The artist is best known for his multi-panel works that deftly combine photography, performance, wall painting, and drawing. Negotiating the urban landscape, these photographs often depict silhouetted figures interacting with carefully composed wall paintings that the artist paints in public spaces, most often in the city of Johannesburg. In each succession of photographs, the choreographed movements of the individual or group appear to alter the two-dimensional renderings, compressing space and time and morphing the urban landscape into a fictional storyboard. Using the medium of photography to capture his painted and performative actions, Rhode disrupts the fixity of the wall, rendering it a mobile substrate that can be transported into a variety of contexts.

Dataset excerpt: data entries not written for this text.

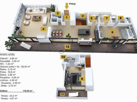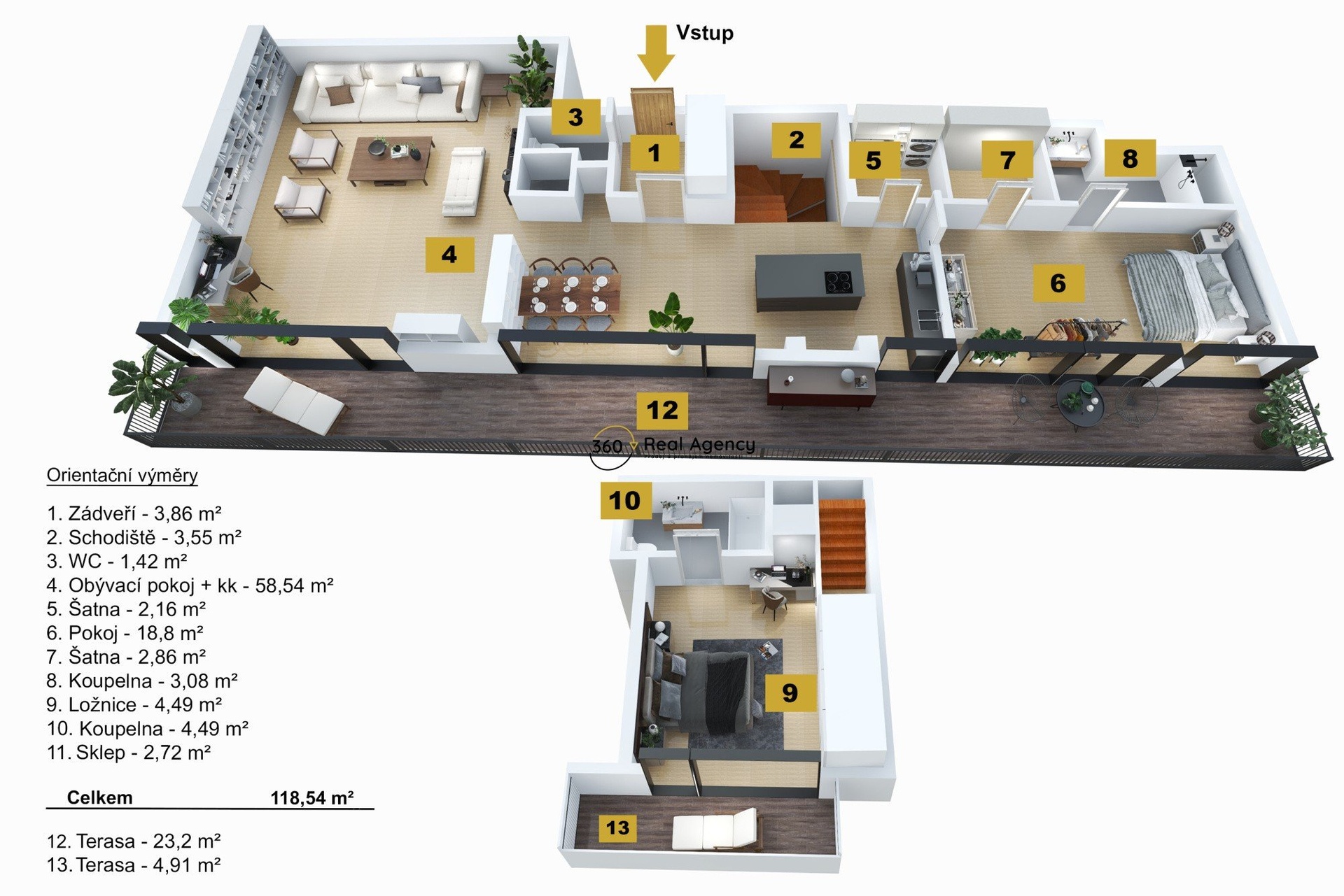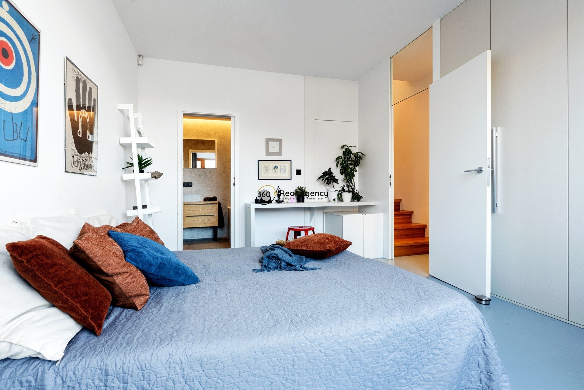 Nabízíme k prodeji výjimečný mezonetový byt o dispozici 3+kk, nacházející se v klidné části Prahy 5 – Košíře. Byt je ideální volbou pro rodinné bydlení nebo pro klienty, kteří hledají nadstandardní prostor, promyšlenou dispozici a kvalitní provedení v kombinaci s výbornou dostupností do centra města. Byt je rozložen do dvou úrovní, které přirozeně oddělují denní a klidovou část. Horní patro tvoří hlavní obytný prostor bytu – prostorný a světlý obývací pokoj s kuchyní, hlavní ložnice s vlastní koupelnou a samostatná toaleta umístěná hned u vstupu do bytu. Celý prostor působí velmi vzdušně a příjemně díky velkým oknům a otevřenému řešení. Z této úrovně je přístup na terasy, které přirozeně rozšiřují obytnou plochu a umožňují každodenní pobyt venku. Spodní patro nabízí další plnohodnotnou ložnici s vlastní koupelnou a toaletou. Součástí této úrovně je také samostatná terasa, která dává spodní ložnici vlastní venkovní prostor a vysokou míru flexibility – ideální řešení pro děti, hosty nebo kombinaci bydlení a práce. Byt prošel nedávnou kompletní rekonstrukcí a je proveden v nadčasovém a klidném stylu s důrazem na kvalitu a funkčnost. Součástí vybavení jsou dubové podlahy, kuchyně na míru, klimatizace, elektrické žaluzie a promyšlené úložné prostory. K bytu náleží praktický sklep umístěný v prvním patře domu, dvě garážová stání a samozřejmostí je výtah. Velkou předností je také samotná lokalita – v docházkové vzdálenosti se nachází parky a volnočasová zeleň, ideální pro rodiny i aktivní životní styl. Zároveň je zajištěno rychlé spojení na Anděl a do centra Prahy, a to během několika minut tramvají i autobusem. Byt je ideální volbou pro ty, kteří hledají kvalitní městské bydlení s promyšlenou dispozicí, venkovním prostorem a výbornou dostupností.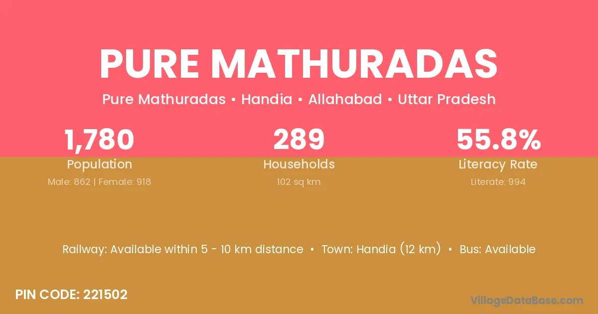 Pure Mathuradas village has a total population of 1,780 people, of which 862 are males and 918 are females.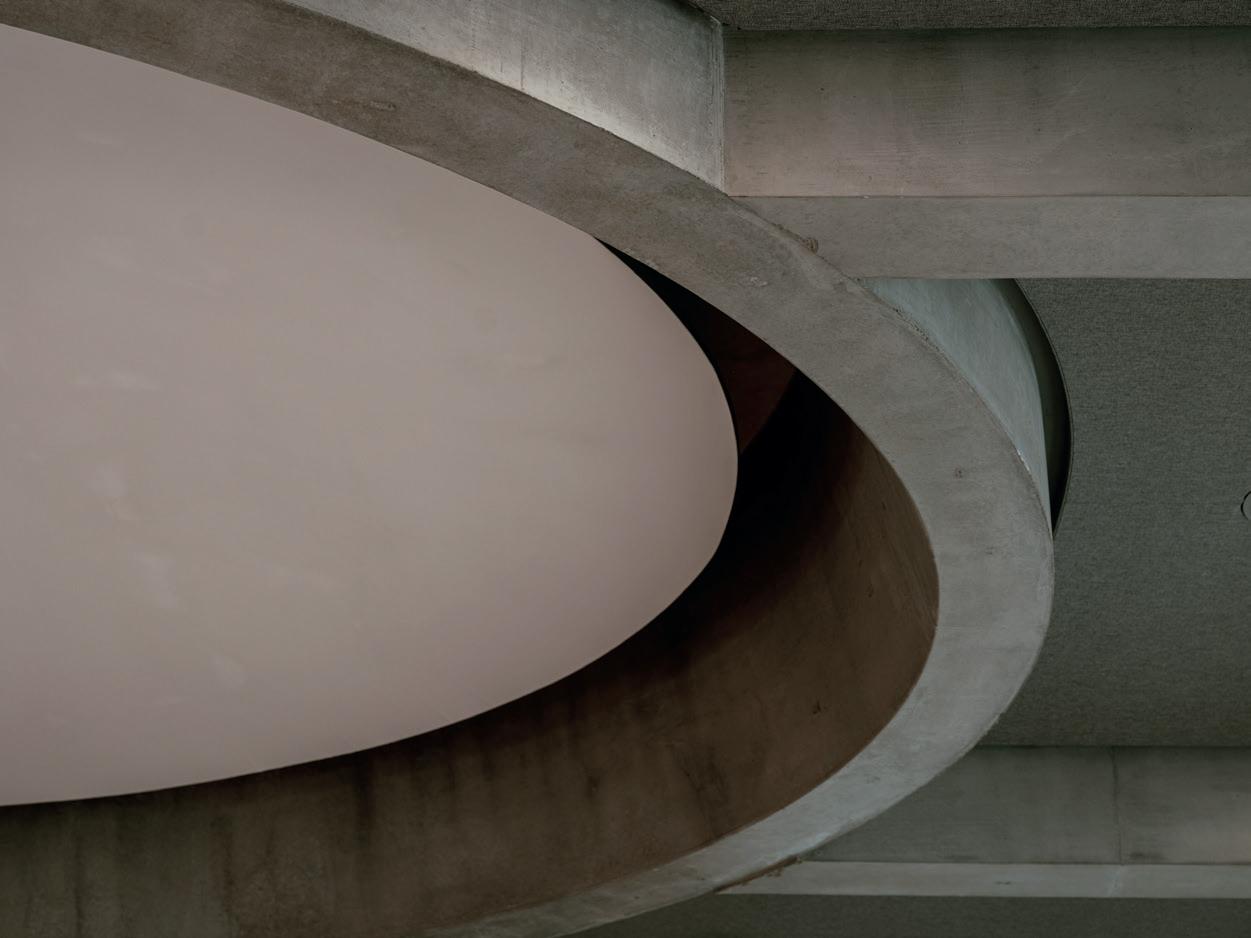 Warburg’s institute in Hamburg used an ellipse as the basis for the plan of its reading and lecture room. The geometry had a significance that was both intellectual and personal. Warburg’s view of the world was bipolar: life’s trajectory was a path governed by the simultaneous effect of dark and light foci; the rational and the irrational; superstition and raciocination; discipline and errantry. In his studies of the history of astrology and astronomy, the ellipse brooded as the figure that would finally account for the vagaries of the apparent motion of the planets across the sky, substituting scientific visions of the universe for equally powerful religious or mythological ones. In the Warburg Renaissance project the ellipse is reimprinted into the geometry of the new lecture room, articulated in the ceiling structure in an echo of the reading and lecture room in Hamburg. Here the figure is rendered in polished concrete around a central false oculus.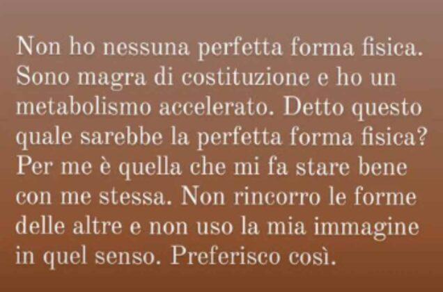 Sul proprio account Instagram, la giornalista si è concessa a qualche domanda dei suoi follower. Un curioso ha chiesto lumi sulla sua perfetta forma fisica, se ci sia un segreto. La Fialdini, incalzata, ha risposto in maniera decisa e onesta. Ha ammesso, infatti, di non avere nessuna perfetta forma fisica. Spiegando che è magra di costituzione e ha un metabolismo accelerato. Ma la risposta non termina qui, perché la giornalista ha voluto chiarire un aspetto.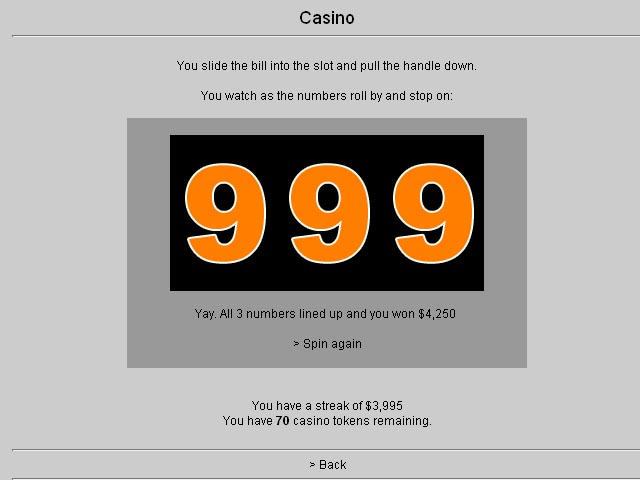 Next up is the Casino, which looks slightly ritzier due to its use of the colour orange. Note how your victory in this simple slots game is signified by the use of the word "yay". Simpler times, eh?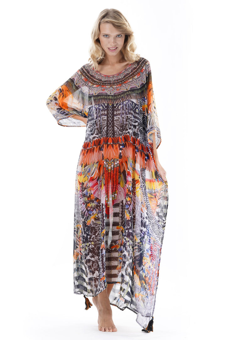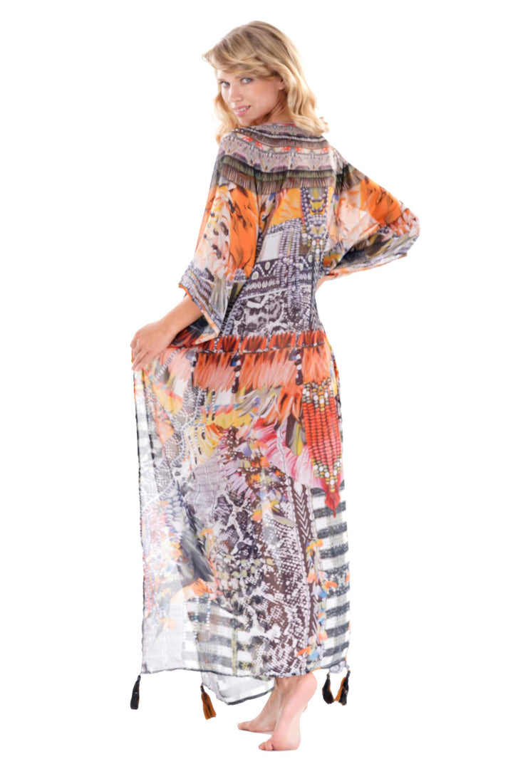 This long poncho, featuring side slits for greater freedom of movement, has decorative tassels on the hem that add a distinctive and dynamic touch. The multicolored pattern completes a versatile and refined garment, perfect for those seeking style and elegance on every occasion.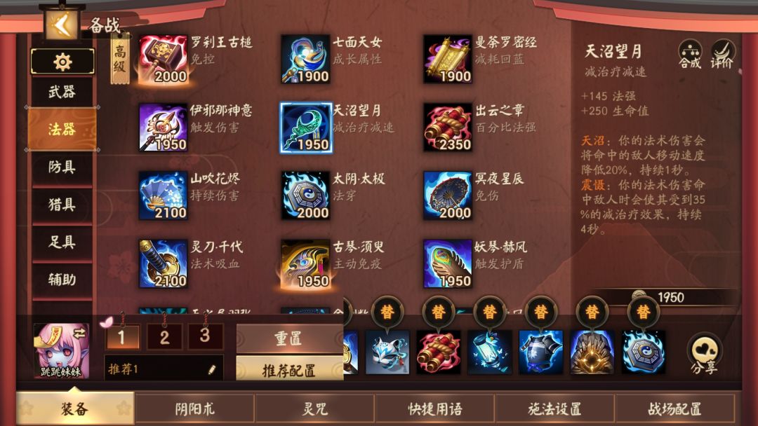 技能介绍完毕,接下来就是出装和阴阳术了。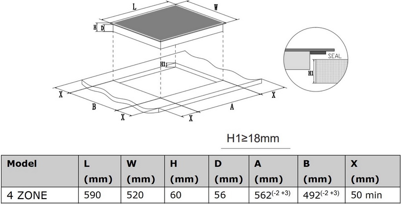 Это независимая индукционная поверхность шириной 59 см, соответствующая стандартным габаритам кухонных модулей. Для встраивания требуется ниша размером 56×49 см, а высота корпуса всего 6 см обеспечивает плотную и аккуратную интеграцию в столешницу. Благодаря индукционной технологии нагрев происходит мгновенно и исключительно в нижней части совместимой посуды, что повышает энергоэффективность, сокращает время приготовления и гарантирует безопасность: стеклокерамика за пределами активной зоны остаётся относительно прохладной.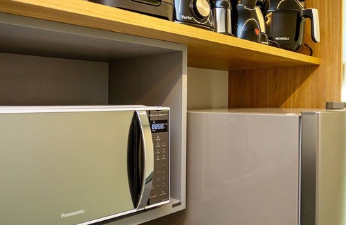 the kitchen is practical and modern, equipped with a 2-burner induction cooktop, refrigerator, microwave, air fryer, blender, electric coffee maker, sandwich maker, and a water purifier—providing everything you need to easily prepare your meals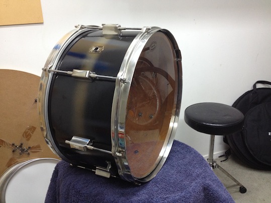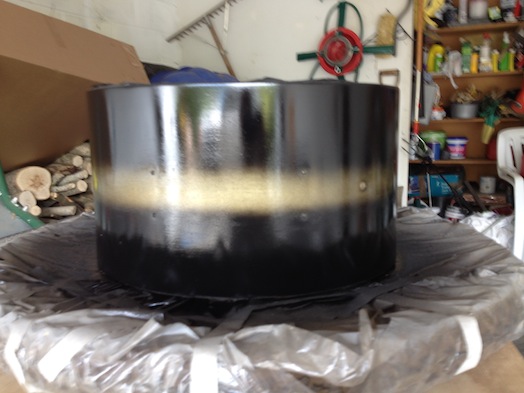 As you know, I did question whether it was philosophically acceptable to strip the original paint from the shell but the appalling condition of parts of the original Duco finally tipped the balance for me. Overall, I’m very pleased with the finished drum and can safely say that it turned out a lot better than I had expected. At one point during the re-spray, it really looked awful and I was almost resigned to the fact that I would have to strip it back to the bare shell and start again or perhaps even leave it natural. But I’m glad I persevered. The only thing that is a little disappointing is that the gold band is a lot less ‘yellow’ than the original was. Maybe they used a gold leaf type paint, which was brighter. Who knows. I also think that the original ‘black’ paint included a dark blue pigment because there were definite areas of green between the gold and black areas.
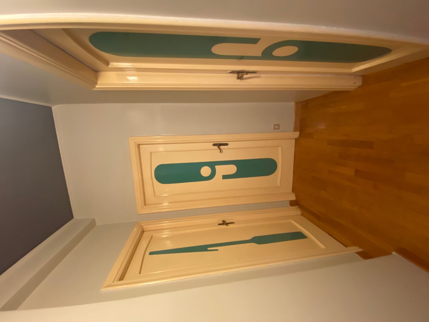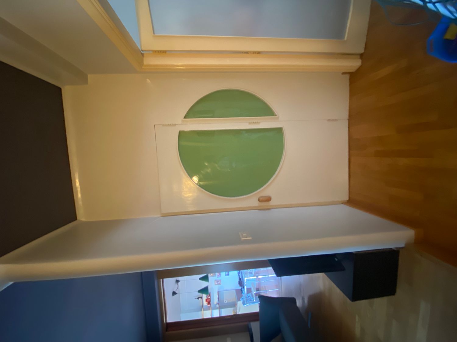 Il pannello a parete bianco con il disco verde applicato è, in realtà, uno schermo per proiezioni: negli anni 60/70 si usavano i filmini da riprodurre con il proiettore: il disco verde è agganciato sul pannello bianco e, all'occorrenza, veniva rimosso per lasciare solo lo schermo su cui proiettare i filmini. Mi piacerebbe lasciarlo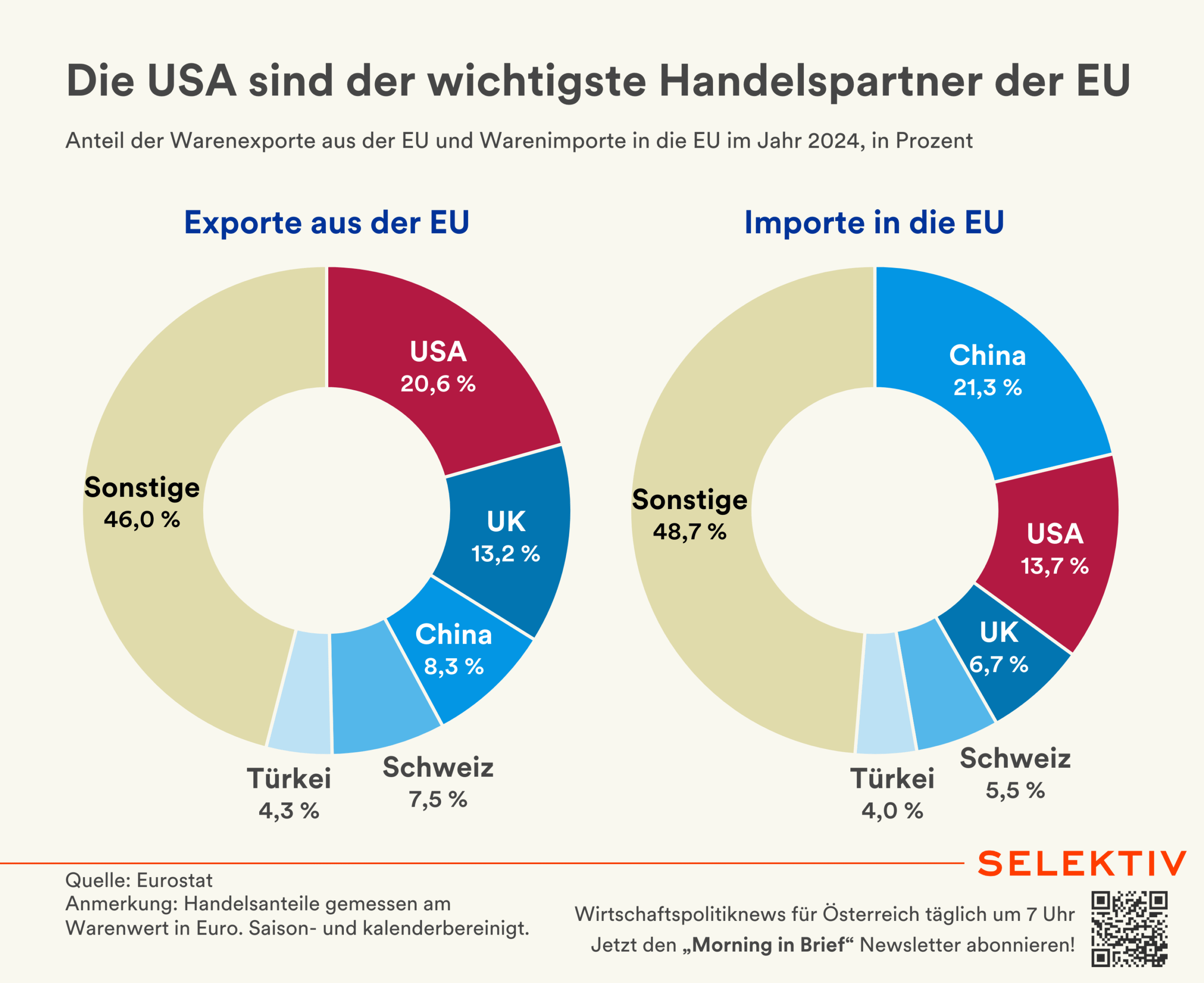 Grafik (von Christoph Hofer): Die USA waren 2024 der wichtigste Exportpartner und der zweitwichtigste (nach China) Importpartner der EU. Gemessen am Warenwert ging zuletzt mehr als ein Fünftel der EU-Exporte in die Vereinigten Staaten (20,6 %), während die USA 13,7 % der EU-Importe stellten. Die EU und die USA sind füreinander der jeweils wichtigste Warenhandelspartner. Die größten Warengruppen, welche die EU in die USA ausführt, sind Medizinprodukte, pharmazeutische Erzeugnisse, Straßenfahrzeuge sowie industrielle Maschinen und Bestandteile. Von den USA in die EU geliefert werden vor allem Erdölerzeugnisse, Medizinprodukte, pharmazeutische Erzeugnisse sowie Kraftmaschinen und deren Ausrüstungen. Einem Warenhandelsüberschuss der EU von 198 Mrd. Euro steht ein Handelsdefizit bei Dienstleistungen von 148 Mrd. Euro gegenüber. [Quellen: Rat der EU/Europäischer Rat, Eurostat | Grafik: USA werden immer wichtiger für österreichische Exporte]

Rhode considers his wall-based works to be visual interventions in their cultural, political, and ecological environments, and he aims to transform both landscapes and communities. The artist works collaboratively with a team of over a dozen community members, most from formerly segregated neighborhoods in postapartheid Johannesburg. Working in urban space and engaging his local communities, Rhode situates his practice within and for the public sphere, and he probes the myriad ways that politics manifests itself in and as everyday life.
The wall is at the center of Rhode’s practice, and he considers its many meanings and functions: as a divider within urban space, as a surface and substrate in art historical traditions ranging from cave painting to street art, as a threshold between art and life in notion of the “fourth wall,” and as a psychoanalytic screen. In Rhode’s works, these varied associations converge to mutually complicate each other, creating a hybrid narrative mode that reflects the nuances of urban, post-apartheid diasporic experience.